WHAT IS NEEDED -
The answer must be an exact reprint of the lines from the one with "内定式のプログラムとして、当" through the final line of the data, with no pictures included.

### PROVIDED DATA ###

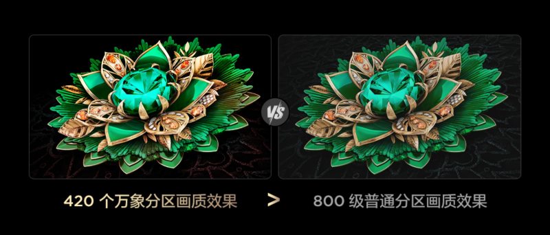 事实上,在画质的衡量标准中,对比度犹如画质的骨架,色彩则是画质的血肉,两者的强强联合才能获得更强的画质,并且对于不少人而言,对比度的冲击力和敏感度甚至比色彩更强,而Mini LED技术的诞生本质上就是为了提升对比度,这背后的关键因素则是背光分区,不仅要看分区数量,更要看其底层技术的好坏。
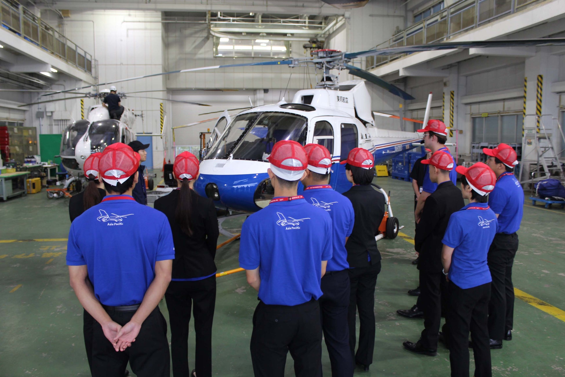 内定式のプログラムとして、当社のヘリコプターをご使用いただいている東邦航空株式会社様を訪問しました。
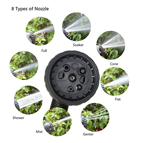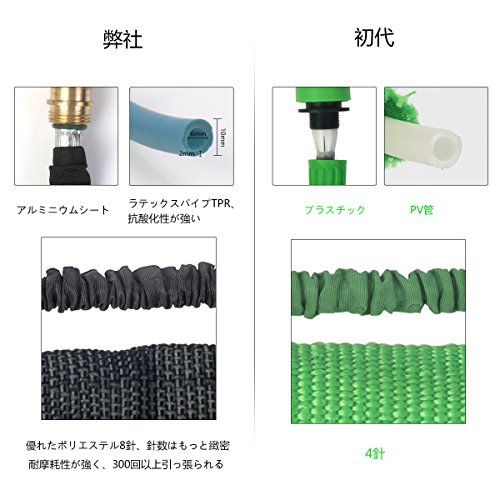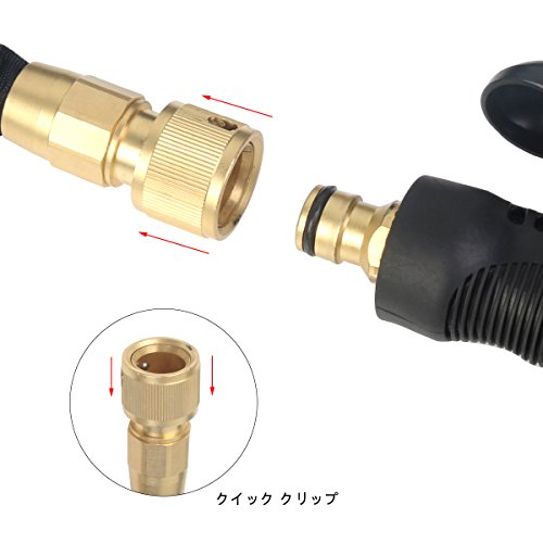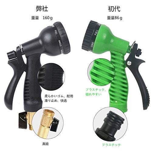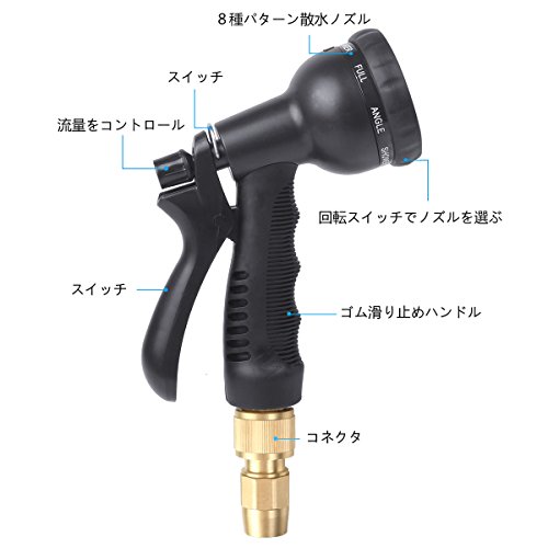 - 【8パターン散水ノズル】ノズル最先端を回りして8種類の水形を出せます。洗車、花園用や庭掃除などの様々な用途に合わせる散水ホースです。

###

OUTPUT FOR THIS TASK -
 内定式のプログラムとして、当社のヘリコプターをご使用いただいている東邦航空株式会社様を訪問しました。
 - 【8パターン散水ノズル】ノズル最先端を回りして8種類の水形を出せます。洗車、花園用や庭掃除などの様々な用途に合わせる散水ホースです。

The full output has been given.